A single embryo, single cell time-resolved model for mouse gastrulation

Mouse embryonic development is a canonical model system for studying mammalian cell fate acquisition. Recently, single-cell atlases comprehensively charted embryonic transcriptional landscapes, yet inference of the coordinated dynamics of cells over such atlases remains challenging. Here we introduce a temporal model for mouse gastrulation, consisting of data from 153 individually sampled embryos spanning 36 hours of molecular diversification. Using new algorithms and precise timing we infer differentiation flows and lineage specification dynamics over the embryonic transcriptional manifold.

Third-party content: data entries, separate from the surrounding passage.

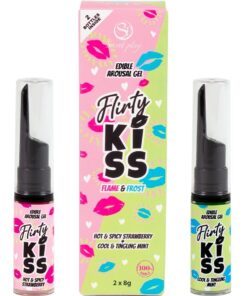 Oral sex and foreplay are truly exciting, but with an extra touch, they can become your favorite activity. Flirty Kiss consists of two gels: one strawberry gel with a spicy warming effect and one mint gel with a vibrant cooling sensation. Both are perfect for couples to use together. One partner will experience an exciting strawberry warmth and a stimulating spicy effect, while the other will feel a vibrant, refreshing mint sensation. An explosion of sensations for unforgettable kisses and oral sex.
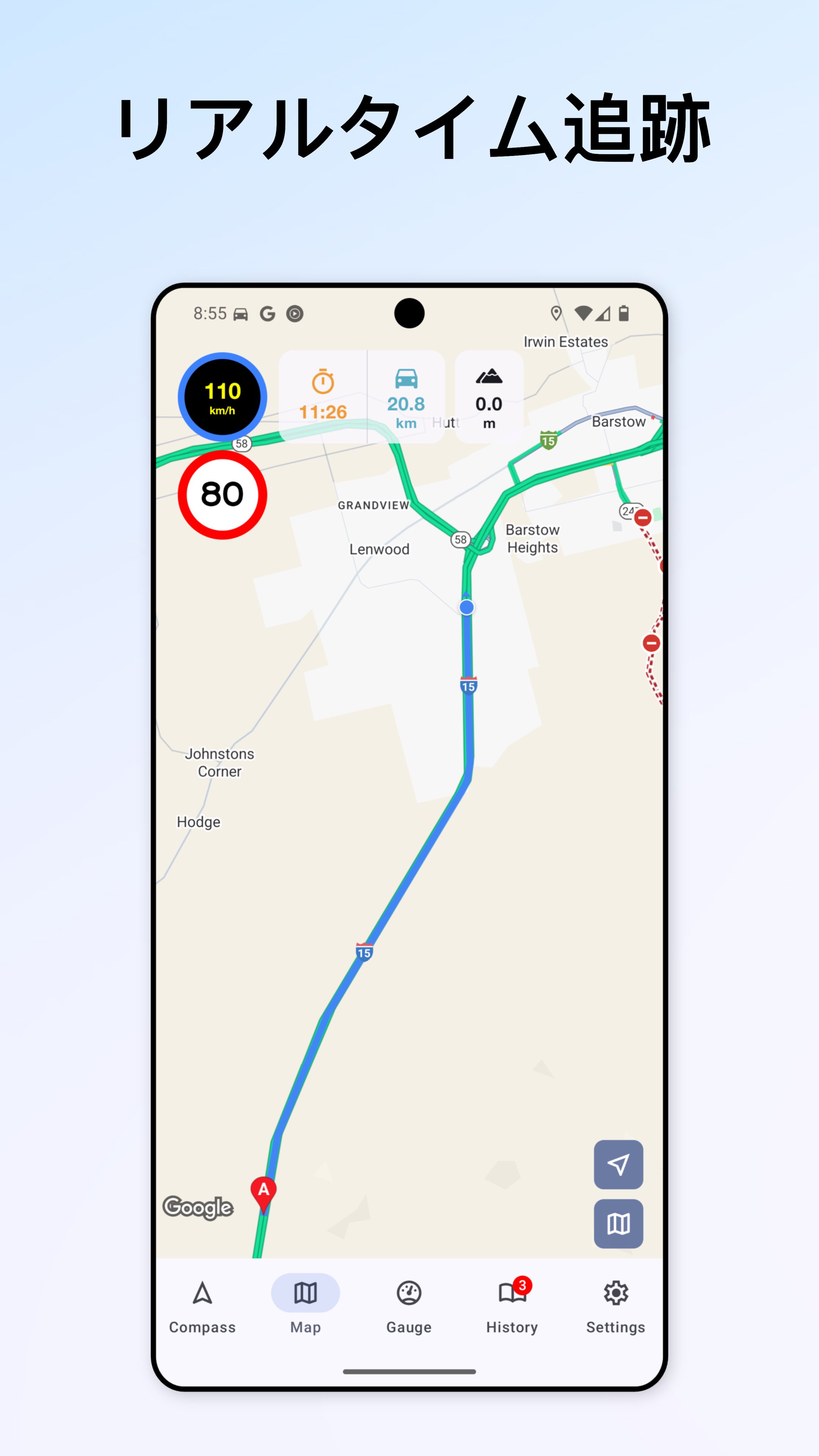 Speedometer GPS & Compass は、GPSトラッカー、ルート記録機能、スピードメーター、コンパス を1つにまとめた便利なオールインワンアプリです。
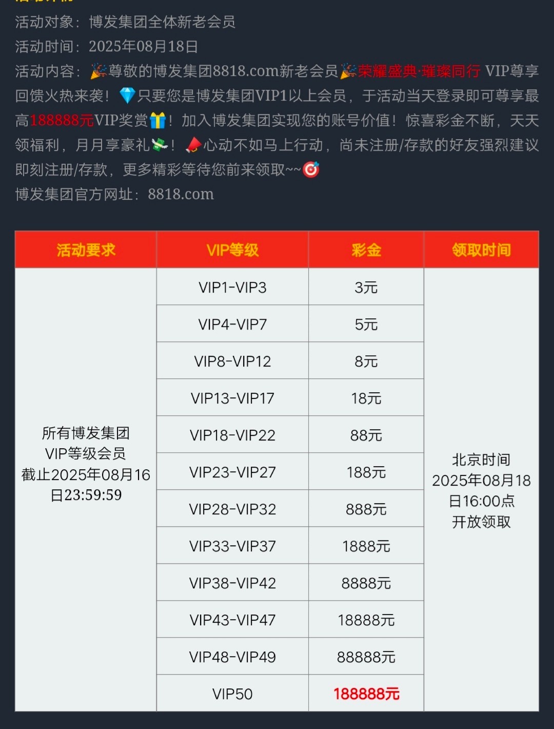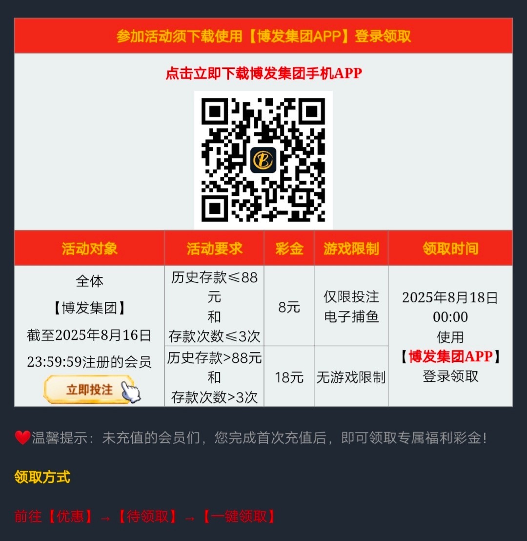 截止8月16日23:59前注册的会员,享有8元/18元的回馈金,出款流水详情看规则介绍;
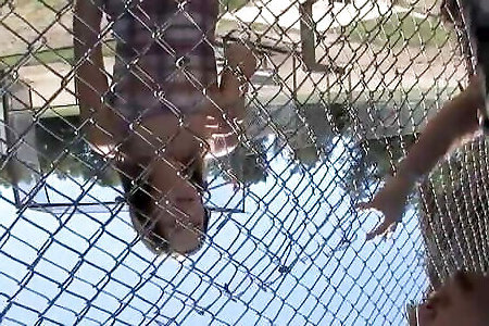 Nice Drilling Outdoors by the Pool of a Sexy Blonde Vixen with Fake Bazongas
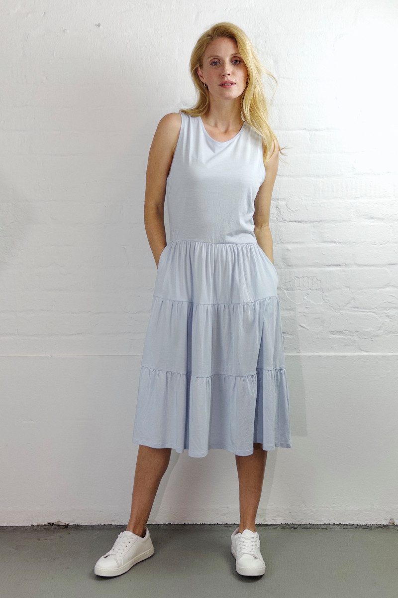 Entspannt durch die heißen Tage in diesem luftigen Sommerkleid. Das schlichte ärmellose Oberteil erhält durch den locker schwingenden Stufenrock einen verspielt femininen Look. Superpraktisch sind auch die seitlichen Eingrifftaschen. Der traumhaft weiche und leichte Materialmix aus 50% Modal (Edelweiß) und 50% Biobaumwolle liegt sanft auf der Haut.
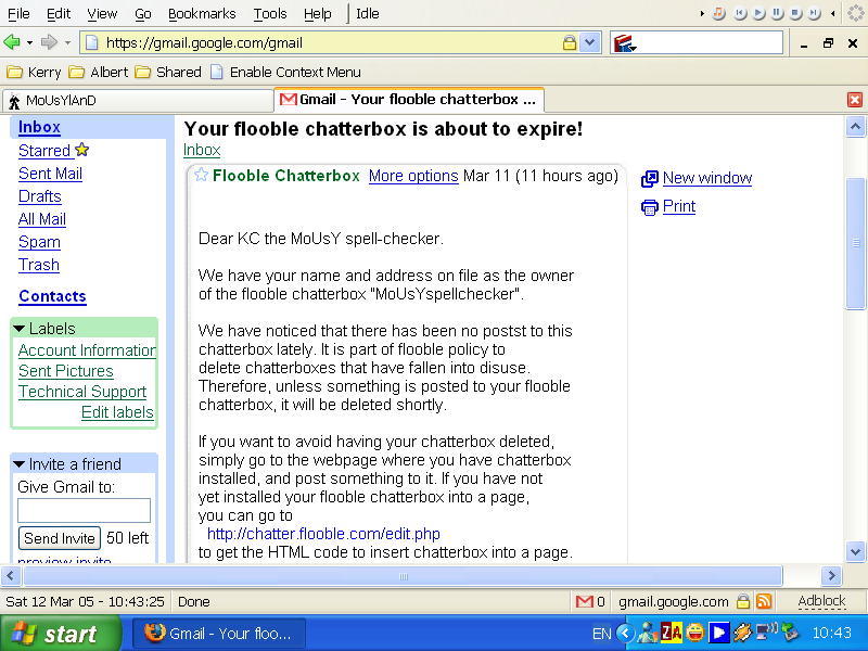 of the flooble chatterbox “MoUsYspellchecker”.We have noticed that there has been no postst to this
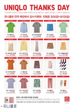 한편, 유니클로는 ''THANKS DAY'' 기간에 맞춰 처음으로 대형마트 홈플러스에 입점하고, 강서점, 해운대점, 신세계백화점 마산점 3곳에서 300평 규모의 매장을 오픈한다. [BestNocut_R]
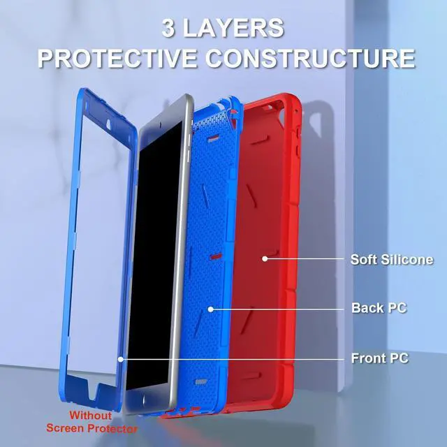 Pad 6th Generation Cases Pad 5th Generation Case Pad Pro 9.7 Case,Hybrid Shockproof Rugged Case Cover with Kickstand for Pad Air 2 Case, Red Blue

Rapid transcriptional bifurcations characterize the commitment of early specialized node and blood cells. However, for most lineages, we observe combinatorial multi-furcation dynamics rather than hierarchical transcriptional transitions. In the mesoderm, dozens of transcription factors combinatorially regulate multi-furcations, as we exemplify using time-matched chimeric embryos of Foxc1/Foxc2 mutants. Our study rejects the notion of differentiation being governed by a series of binary choices, providing an alternative quantitative model for cell fate acquisition. Overall design: Single cells from 153 WT mouse embryos (E6.5 - E8.25) were sequenced using MARS-seq2.0 which allowed to record each single cell's embryo identity during FACS cell-sorting. Using chimera and tetraploid complementation assays we analyzed the role of Foxc1 and Foxc2 during mesoderm specification. For both assays, we injected Foxc1/2 DKO and control cells into the blastocyst and performed scRNA-seq at ca. E7.5. Fluorescence intensity and embryo identity of each single cell from chimera and tetraploid embryos was recorded during FACS index-sorting.